Toll-like receptors (TLRs) are renowned for their fundamental roles in immunological surveillance and response initiation. While TLR proteins in invertebrate species, such as Drosophila, carry out functions in the immune system and in “building” the body plan in the embryo, such non-immune functions have not been thoroughly investigated in mammals. Although TLR genes have duplicated independently in these lineages, and may therefore have diverged in aspects of their functionality, limited studies have recently reported the expression of TLRs in the developing mammalian embryo (Kaul et al., 2012).
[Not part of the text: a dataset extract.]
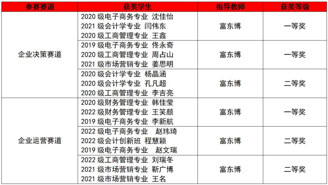 据悉,本届赛事活动由黑龙江省高等教育学会主办,齐齐哈尔大学承办,商学院师生连续四年参加该项赛事,共获得一等奖6项、二等奖7项、三等奖2项。2022年,商学院师生先后在“学创杯”、“新道数智人才杯”、“踏瑞杯”等专业赛事中喜获国家级奖项9项,省级奖项30项,获奖等级、数量再创新高。

We report a systematic study of Tlr gene expression in early to mid-gestational murine embryos using whole-mount RNA in situ hybridization and 3D imaging (using Optical Project Tomography), the combination of which has allowed us to record the precise tissues and stages at which these genes become expressed. We have found that the expression of these receptors is particularly enriched within the central nervous system with many Tlrs displaying complementary expression patterns in developing neural tissues, as is the case with Tlrs -1, -5, -6, and -7 in the neural tube at embryonic day 10.5. These findings are in line with experimental data showing that Tlrs -2, -3, and -4 can influence neural progenitor cell proliferation and self-renewal (as reviewed in Barak et al., 2014). In addition to the expression data we have generated, whole-transciptome data is being mined to build a comprehensive picture of Tlr activity during embryogenesis and will aid in the building of specific hypotheses for functional testing.